Average Dried Weight: 47.4 lbs/ft3 (760 kg/m3)

Specific Gravity (Basic, 12% MC): .64, .76

Janka Hardness: 1,630 lbf (7,260 N)

Modulus of Rupture: 13,980 lbf/in2 (96.4 MPa)

Elastic Modulus: 1,707,000 lbf/in2 (11.77 GPa)

Crushing Strength: 8,140 lbf/in2 (56.1 MPa)

Shrinkage: Radial: 4.0%, Tangential: 8.1%,

                        Volumetric: 12.3%, T/R Ratio: 2.0

Color/Appearance: Heartwood is medium to dark reddish brown, frequently with bands of lighter and /or darker colored wood. Contrasting sapwood is pale yellow. Heartwood color tends to darken with age.
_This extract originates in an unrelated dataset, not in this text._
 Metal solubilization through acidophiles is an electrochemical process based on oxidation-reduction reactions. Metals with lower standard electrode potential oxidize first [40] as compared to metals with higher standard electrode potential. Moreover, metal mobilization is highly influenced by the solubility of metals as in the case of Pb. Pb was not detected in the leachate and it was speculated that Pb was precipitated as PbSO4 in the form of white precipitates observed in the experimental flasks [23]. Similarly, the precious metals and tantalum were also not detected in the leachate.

Grain/Texture: Grain is usually interlocked. With a uniform coarse texture and good natural luster.

Rot Resistance: Rated as non-durable; dry wood is reported to be resistant to termites.
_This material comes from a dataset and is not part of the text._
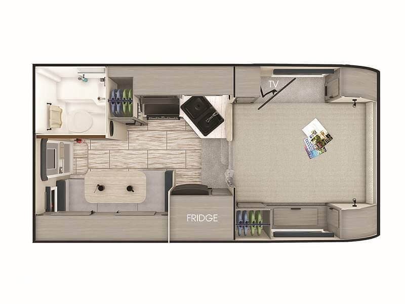 There is a large u-shaped dining area, that drops down to make an additional bed. The bathroom has a sink, mirror, toilet and hand held shower head.

Workability: Moderately easy to work, though interlocked grain can cause tearout during surfacing operations. Has a moderate blunting effect on cutters. Turns, glues, and finishes well.

Odor: No characteristic odor.

Allergies/Toxicity: Although severe reactions are quite uncommon, black siris has been reported to cause respiratory irritation. See the articles Wood Allergies and Toxicity and Wood Dust Safety for more information.

Pricing/Availability: Not commonly exported to North America (except as turning blanks). Lumber in longer and wider sizes, as well as veneer sheets, are available regionally within its natural range. Expect prices to be in the mid to upper range for an imported hardwood.

Sustainability: This wood species is not listed in the CITES Appendices, and is reported by the IUCN as being a species of least concern.

Common Uses: Furniture, veneer,  tool handles and other turned objects.

Comments: Sometimes sold under the trade name bhilwara, so named for the city in India, presumably where the wood was harvested. It’s also known by the name Ceylon rosewood, though it is not a true rosewood in the Dalbergia genus.

Within the commercial species of Albizia, black siris is one of the hardest and heaviest woods in the genus. Perhaps correlated, it also tends to have the darkest heartwood color as well.

Images: Drag the slider up/down to toggle between raw and finished wood.

Identification: See the article on Hardwood Anatomy for definitions of endgrain features.

Black siris (endgrain 10x)
Black siris (endgrain 1x)

Porosity: diffuse porous

Arrangement: solitary and radial multiples

Vessels: large to very large, few to very few; dark brown colored deposits occasionally present

Parenchyma: vasicentric, lozenge, confluent, and banded (marginal)

Rays: narrow to medium; normal spacing

Lookalikes/Substitutes: Appearance is similar to afzelia, another tropical hardwood with similar distribution. In addition to heartwood fluorescence (see notes below), Albizia species tend to have more color variation and striping, as well as being lighter in weight when compared to Afzelia species.

Notes: Albizia stands as one of the few genera with a wide distribution spanning different continents where the heartwood of all species consistently fluoresces under blacklight. (This is in contrast with Afzelia, where the wood is fluorescent much less consistently and not as strongly.) A lack of fluorescence in the heartwood would generally rule out Albizia.